◆ EXERCISE BRIEF
Of the entries below, return only those lines from the line with "Итак, если проблема" to the line with "꽃바구니 만들기 활동을", exactly, both included.

======== MATERIAL FOR THE TASK

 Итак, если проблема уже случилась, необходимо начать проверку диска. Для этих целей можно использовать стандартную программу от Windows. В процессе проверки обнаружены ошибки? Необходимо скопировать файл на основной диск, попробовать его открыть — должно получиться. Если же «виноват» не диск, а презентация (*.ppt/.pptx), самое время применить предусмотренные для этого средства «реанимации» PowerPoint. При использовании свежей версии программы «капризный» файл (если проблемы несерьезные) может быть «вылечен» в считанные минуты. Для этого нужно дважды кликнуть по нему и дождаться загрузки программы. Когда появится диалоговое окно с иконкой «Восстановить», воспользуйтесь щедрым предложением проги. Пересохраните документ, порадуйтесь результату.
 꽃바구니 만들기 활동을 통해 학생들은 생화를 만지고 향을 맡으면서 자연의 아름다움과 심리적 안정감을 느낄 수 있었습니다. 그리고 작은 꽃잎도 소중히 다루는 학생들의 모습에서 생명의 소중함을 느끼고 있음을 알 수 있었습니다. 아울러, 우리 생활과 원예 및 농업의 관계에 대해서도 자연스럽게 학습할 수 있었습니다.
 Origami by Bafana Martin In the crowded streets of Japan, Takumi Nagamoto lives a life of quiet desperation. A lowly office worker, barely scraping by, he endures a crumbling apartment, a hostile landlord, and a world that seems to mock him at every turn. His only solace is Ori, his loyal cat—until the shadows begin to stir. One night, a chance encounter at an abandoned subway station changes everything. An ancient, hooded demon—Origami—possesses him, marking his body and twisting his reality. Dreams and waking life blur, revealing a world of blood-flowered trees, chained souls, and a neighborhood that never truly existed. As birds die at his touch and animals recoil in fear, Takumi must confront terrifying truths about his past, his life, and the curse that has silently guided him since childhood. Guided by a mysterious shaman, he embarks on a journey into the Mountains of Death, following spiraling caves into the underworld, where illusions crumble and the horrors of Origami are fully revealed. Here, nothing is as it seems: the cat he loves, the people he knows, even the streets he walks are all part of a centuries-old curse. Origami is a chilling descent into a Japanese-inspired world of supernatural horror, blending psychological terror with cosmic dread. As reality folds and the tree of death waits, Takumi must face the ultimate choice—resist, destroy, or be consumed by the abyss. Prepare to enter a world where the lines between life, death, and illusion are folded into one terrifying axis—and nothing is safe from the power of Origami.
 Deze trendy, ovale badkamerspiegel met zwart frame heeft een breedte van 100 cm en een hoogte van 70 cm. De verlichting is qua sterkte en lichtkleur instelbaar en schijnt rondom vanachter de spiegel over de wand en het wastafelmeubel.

================
======== MATERIAL FOR THE TASK

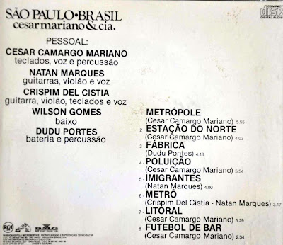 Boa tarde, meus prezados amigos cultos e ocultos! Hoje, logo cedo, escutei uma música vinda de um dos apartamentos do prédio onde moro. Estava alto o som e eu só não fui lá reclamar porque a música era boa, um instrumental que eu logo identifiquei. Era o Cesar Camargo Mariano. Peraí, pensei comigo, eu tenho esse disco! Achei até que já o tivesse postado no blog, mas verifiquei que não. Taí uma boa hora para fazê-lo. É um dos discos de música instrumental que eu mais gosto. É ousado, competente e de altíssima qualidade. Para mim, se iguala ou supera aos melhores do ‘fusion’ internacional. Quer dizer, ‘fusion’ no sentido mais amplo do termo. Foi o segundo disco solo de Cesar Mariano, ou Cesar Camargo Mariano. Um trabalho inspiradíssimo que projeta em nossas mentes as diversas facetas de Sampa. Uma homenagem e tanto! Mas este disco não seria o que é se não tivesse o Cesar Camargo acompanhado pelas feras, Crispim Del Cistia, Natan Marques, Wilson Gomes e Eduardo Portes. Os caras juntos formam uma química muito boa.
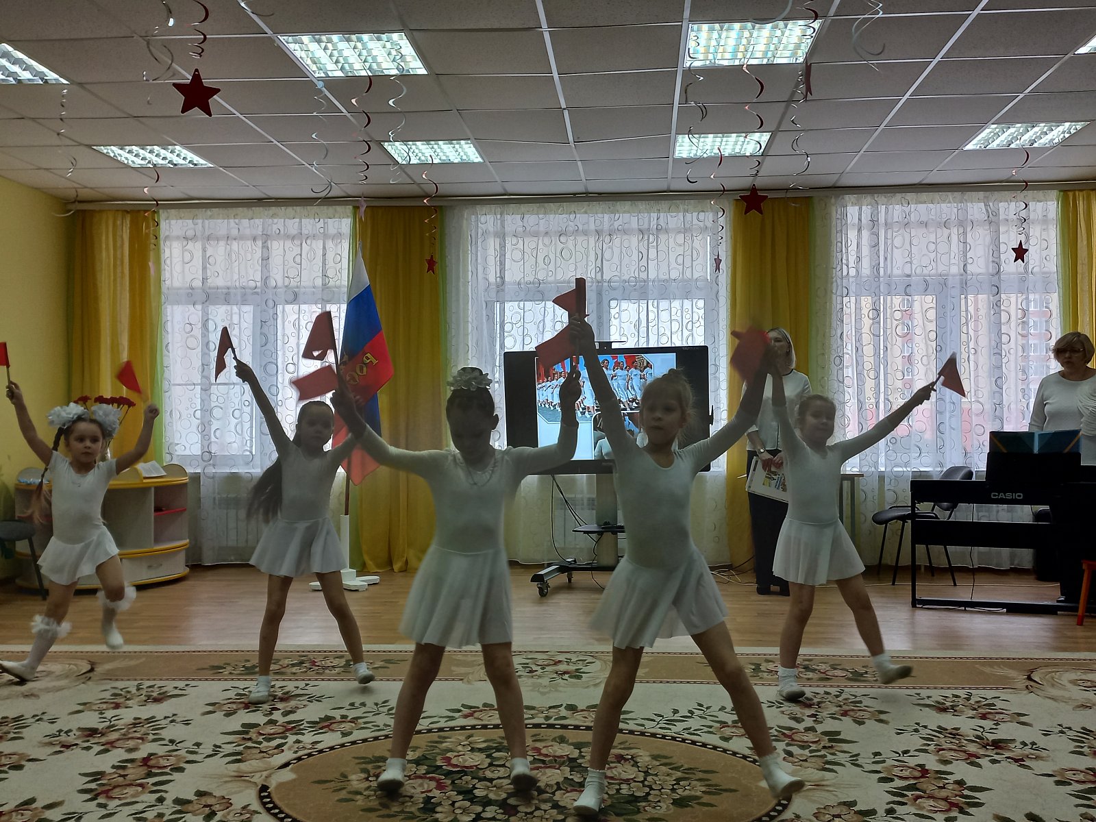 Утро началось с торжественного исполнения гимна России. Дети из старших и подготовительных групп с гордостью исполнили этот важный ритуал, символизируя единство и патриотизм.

================
======== MATERIAL FOR THE TASK

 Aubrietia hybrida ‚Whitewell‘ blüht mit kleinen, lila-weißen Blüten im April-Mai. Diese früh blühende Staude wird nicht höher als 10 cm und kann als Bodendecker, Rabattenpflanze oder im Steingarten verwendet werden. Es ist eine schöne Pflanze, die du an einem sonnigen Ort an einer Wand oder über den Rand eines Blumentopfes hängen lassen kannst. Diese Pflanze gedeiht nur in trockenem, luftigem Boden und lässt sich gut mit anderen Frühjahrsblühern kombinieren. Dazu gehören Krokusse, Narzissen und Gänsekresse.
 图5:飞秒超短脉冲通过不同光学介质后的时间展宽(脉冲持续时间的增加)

================

◆ SOLUTION FOR THIS PROBLEM
 Итак, если проблема уже случилась, необходимо начать проверку диска. Для этих целей можно использовать стандартную программу от Windows. В процессе проверки обнаружены ошибки? Необходимо скопировать файл на основной диск, попробовать его открыть — должно получиться. Если же «виноват» не диск, а презентация (*.ppt/.pptx), самое время применить предусмотренные для этого средства «реанимации» PowerPoint. При использовании свежей версии программы «капризный» файл (если проблемы несерьезные) может быть «вылечен» в считанные минуты. Для этого нужно дважды кликнуть по нему и дождаться загрузки программы. Когда появится диалоговое окно с иконкой «Восстановить», воспользуйтесь щедрым предложением проги. Пересохраните документ, порадуйтесь результату.
 꽃바구니 만들기 활동을 통해 학생들은 생화를 만지고 향을 맡으면서 자연의 아름다움과 심리적 안정감을 느낄 수 있었습니다. 그리고 작은 꽃잎도 소중히 다루는 학생들의 모습에서 생명의 소중함을 느끼고 있음을 알 수 있었습니다. 아울러, 우리 생활과 원예 및 농업의 관계에 대해서도 자연스럽게 학습할 수 있었습니다.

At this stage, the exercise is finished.